Input data:
%%
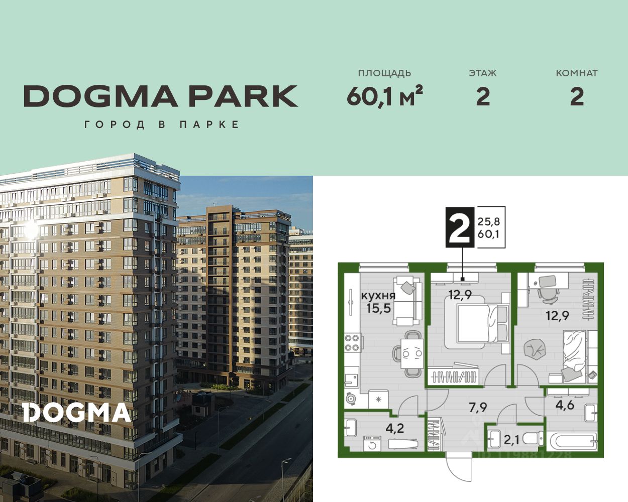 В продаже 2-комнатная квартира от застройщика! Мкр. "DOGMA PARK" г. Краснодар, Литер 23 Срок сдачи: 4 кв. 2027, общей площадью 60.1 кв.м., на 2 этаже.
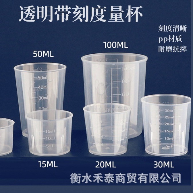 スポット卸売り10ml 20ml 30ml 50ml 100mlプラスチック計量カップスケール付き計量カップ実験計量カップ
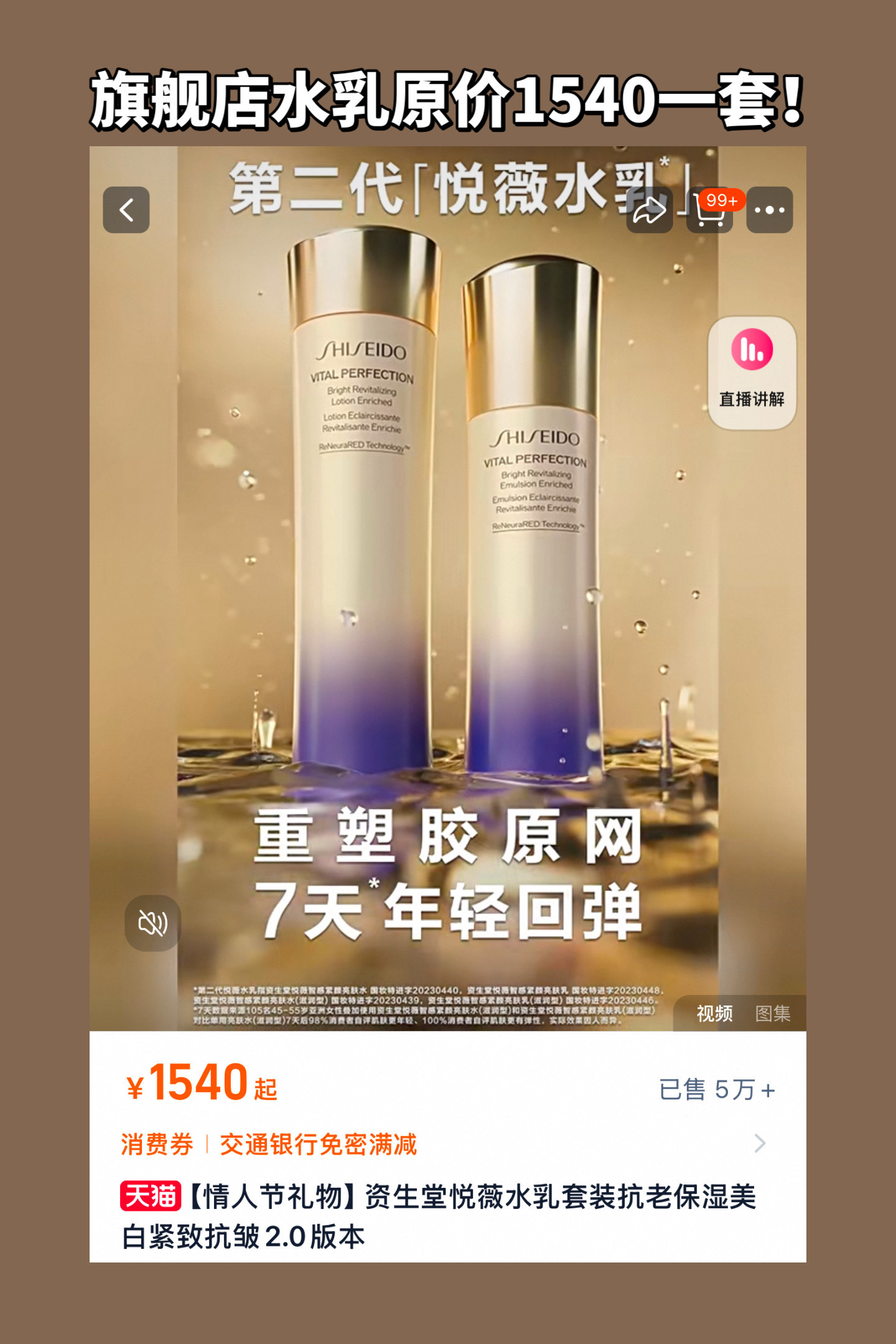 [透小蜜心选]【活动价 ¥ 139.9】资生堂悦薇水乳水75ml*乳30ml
%%
Assigned task: Since the pictures are not wanted, repeat only the rest of the material, exactly as given.

Task result:
 В продаже 2-комнатная квартира от застройщика! Мкр. "DOGMA PARK" г. Краснодар, Литер 23 Срок сдачи: 4 кв. 2027, общей площадью 60.1 кв.м., на 2 этаже.
 スポット卸売り10ml 20ml 30ml 50ml 100mlプラスチック計量カップスケール付き計量カップ実験計量カップ
 [透小蜜心选]【活动价 ¥ 139.9】资生堂悦薇水乳水75ml*乳30ml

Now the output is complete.